CASE STUDY 1
Innovation at the Lego Group A&B
LEGO is a toy company established in 1932 by Ole Kirk Christiansen. LEGO offered high quality toys and at the same time encouraged children to be creative. Over the years they developed their products and company grew steadily and successfully till the mid 90’s. LEGO immediately noticed their fall in the market, in order to keep up they did many innovations.As a result company was expanded with the aggressive innovations such as new amusement parks(LEGOLAND), clothing lines, computer games, new lines/ kits (Harry Potter,Star Wars,Bionicle) etc. At first company’s sales and number of customers were increased but then they realized that their growth strategy was not working and there has been a dramatic decrease within their revenues and net income. In 2004, after a huge amount of cash loss, LEGO appointed a new president and CEO- Knudstrop. Kundstrop developed a new 5 year plan titled “Shared Vision”. Shared Vision had three different parts and first step was basically planning to achieve increase cash, decrease cost, clarify LEGO’s identity and make sure of that every product produced matches company’s identity. In the second step he aimed to revitalize the core product lines by outsourcing. And in the final step he focused on developing innovative new play experiences.

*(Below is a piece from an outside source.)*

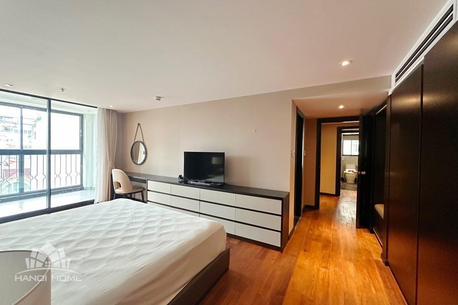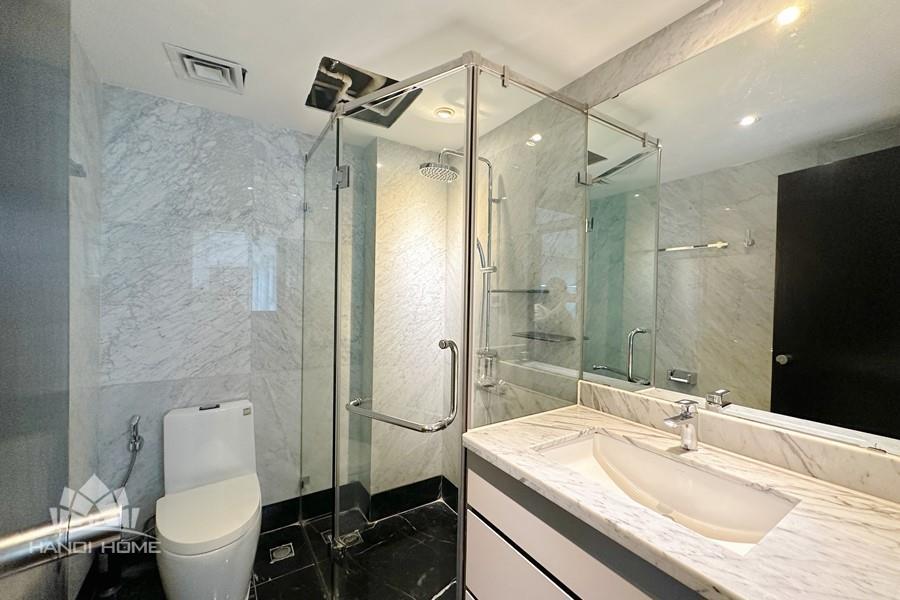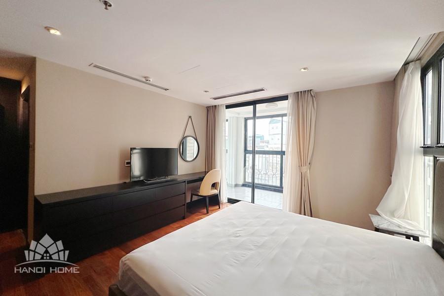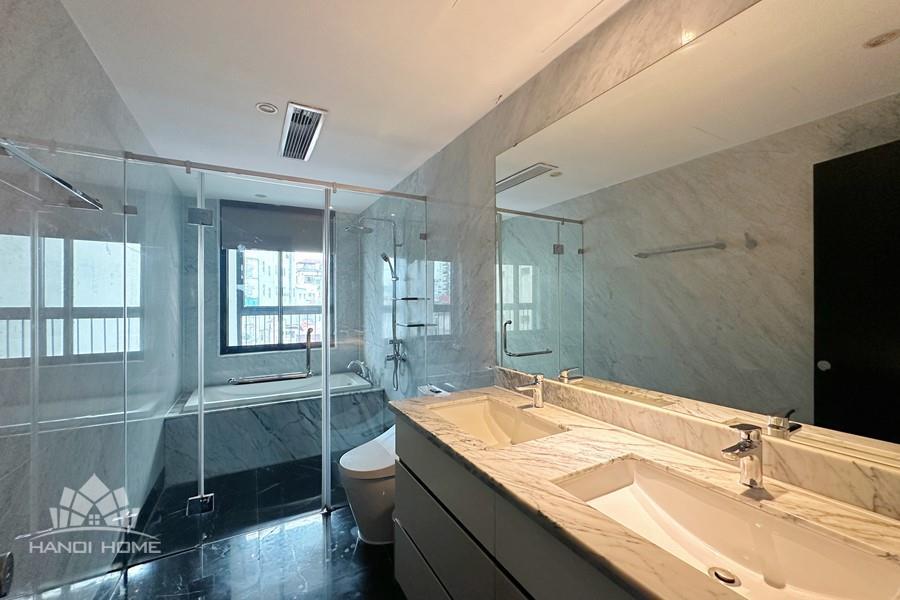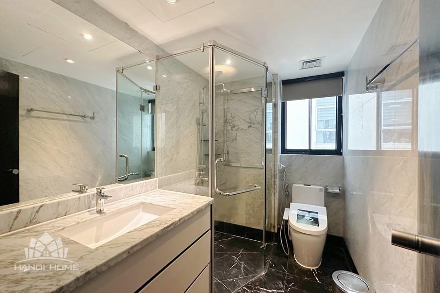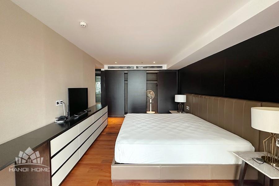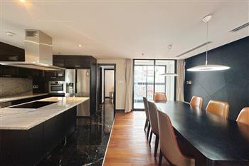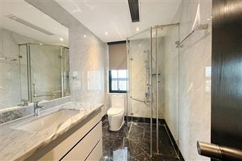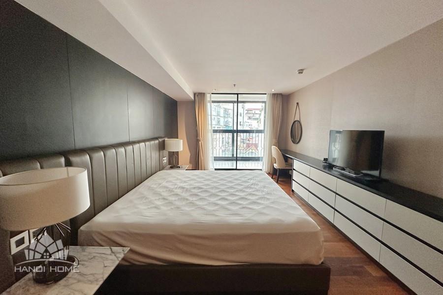 This spacious 3-bedroom apartment is located on Tran Hung Dao Street in Hoan Kiem District — a prime central location offering seamless access to Hanoi’s administrative, cultural, and entertainment hubs. Designed in a contemporary style, the apartment stands out with its open layout and floor-to-ceiling windows that flood every room with natural light, creating a bright, airy, and welcoming atmosphere. A wide balcony with panoramic city views provides the perfect spot to unwind, enjoy a cup of tea, or take in the sparkling skyline at night. The living room is tastefully furnished with a premium leather sectional sofa, a sleek coffee table, a central chandelier, and recessed ceiling lighting, striking a balance between elegance and comfort. The open-plan kitchen connects seamlessly to the living area and is fully equipped with modern appliances including an induction cooktop, microwave, refrigerator, range hood, and smart cabinetry — ideal for home cooking enthusiasts. Each of the three bedrooms is uniquely designed with its own character: the master bedroom is spacious, featuring a king-size bed, built-in wardrobe, work desk, and windows opening to the balcony; the second bedroom has a youthful vibe, perfect for children or visiting guests; and the third bedroom is minimalist, suitable as a home office or a quiet retreat for older family members. The bathroom is sleek and functional, fitted with a walk-in shower, vanity sink, large mirror, and high-quality materials to ensure daily comfort and convenience. This apartment offers a harmonious blend of aesthetics and functionality, delivering a refined living experience in the heart of Hanoi’s historic Old Quarter.

Texts explain us steps of this plan and helps us to understand why Kundstrop’s Shared Vision was successful and different enough from previous innovations of the company.
Evaluation of Changes
At the beginning of 2000’s LEGO went through several changes and made some radical innovations to change the decrease with their sales and revenues. They started lots of innovative projects such as computer games, clothing lines, amusement parks and movies. They also corporate with Star Wars and Harry Potter movies and produced new licensed LEGO kits. They also created a new series called “Bionicle “. After these...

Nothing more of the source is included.